• **YOUR OBJECTIVE**
Nothing outside the range below should be printed. Output exactly the lines from the line with "INNOVATION IN TERMS OF R&D" to the line with "ELECTROLYTIC IRON FLAKES", both included.

• **INPUT DATA**

··········

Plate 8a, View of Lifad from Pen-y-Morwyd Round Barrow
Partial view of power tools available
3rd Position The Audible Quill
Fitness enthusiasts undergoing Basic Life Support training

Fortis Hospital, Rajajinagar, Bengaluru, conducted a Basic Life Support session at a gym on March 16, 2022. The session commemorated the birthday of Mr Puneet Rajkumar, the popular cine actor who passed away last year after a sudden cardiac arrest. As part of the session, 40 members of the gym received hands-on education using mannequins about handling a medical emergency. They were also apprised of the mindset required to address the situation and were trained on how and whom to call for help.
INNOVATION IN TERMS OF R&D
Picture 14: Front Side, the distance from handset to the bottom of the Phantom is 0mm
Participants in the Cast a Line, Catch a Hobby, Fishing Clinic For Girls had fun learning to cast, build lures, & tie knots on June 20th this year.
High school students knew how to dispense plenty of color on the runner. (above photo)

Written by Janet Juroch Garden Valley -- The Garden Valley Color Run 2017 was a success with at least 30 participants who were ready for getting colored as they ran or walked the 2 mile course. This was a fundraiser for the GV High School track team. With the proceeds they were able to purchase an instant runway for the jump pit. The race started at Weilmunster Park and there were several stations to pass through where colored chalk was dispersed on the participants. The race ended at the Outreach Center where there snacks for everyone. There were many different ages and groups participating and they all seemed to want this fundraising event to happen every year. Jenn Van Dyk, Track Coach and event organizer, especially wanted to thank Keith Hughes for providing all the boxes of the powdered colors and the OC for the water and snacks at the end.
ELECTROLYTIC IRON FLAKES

··········

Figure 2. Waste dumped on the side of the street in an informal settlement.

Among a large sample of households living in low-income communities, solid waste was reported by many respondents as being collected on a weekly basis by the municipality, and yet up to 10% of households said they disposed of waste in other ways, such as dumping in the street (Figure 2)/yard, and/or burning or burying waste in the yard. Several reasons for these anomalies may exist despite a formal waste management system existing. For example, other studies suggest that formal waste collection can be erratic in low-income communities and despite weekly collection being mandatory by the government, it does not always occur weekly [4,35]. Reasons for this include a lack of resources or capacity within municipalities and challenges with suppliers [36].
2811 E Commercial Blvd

··········

• **ANSWER TO THIS PROBLEM**
INNOVATION IN TERMS OF R&D
Picture 14: Front Side, the distance from handset to the bottom of the Phantom is 0mm
Participants in the Cast a Line, Catch a Hobby, Fishing Clinic For Girls had fun learning to cast, build lures, & tie knots on June 20th this year.
High school students knew how to dispense plenty of color on the runner. (above photo)

Written by Janet Juroch Garden Valley -- The Garden Valley Color Run 2017 was a success with at least 30 participants who were ready for getting colored as they ran or walked the 2 mile course. This was a fundraiser for the GV High School track team. With the proceeds they were able to purchase an instant runway for the jump pit. The race started at Weilmunster Park and there were several stations to pass through where colored chalk was dispersed on the participants. The race ended at the Outreach Center where there snacks for everyone. There were many different ages and groups participating and they all seemed to want this fundraising event to happen every year. Jenn Van Dyk, Track Coach and event organizer, especially wanted to thank Keith Hughes for providing all the boxes of the powdered colors and the OC for the water and snacks at the end.
ELECTROLYTIC IRON FLAKES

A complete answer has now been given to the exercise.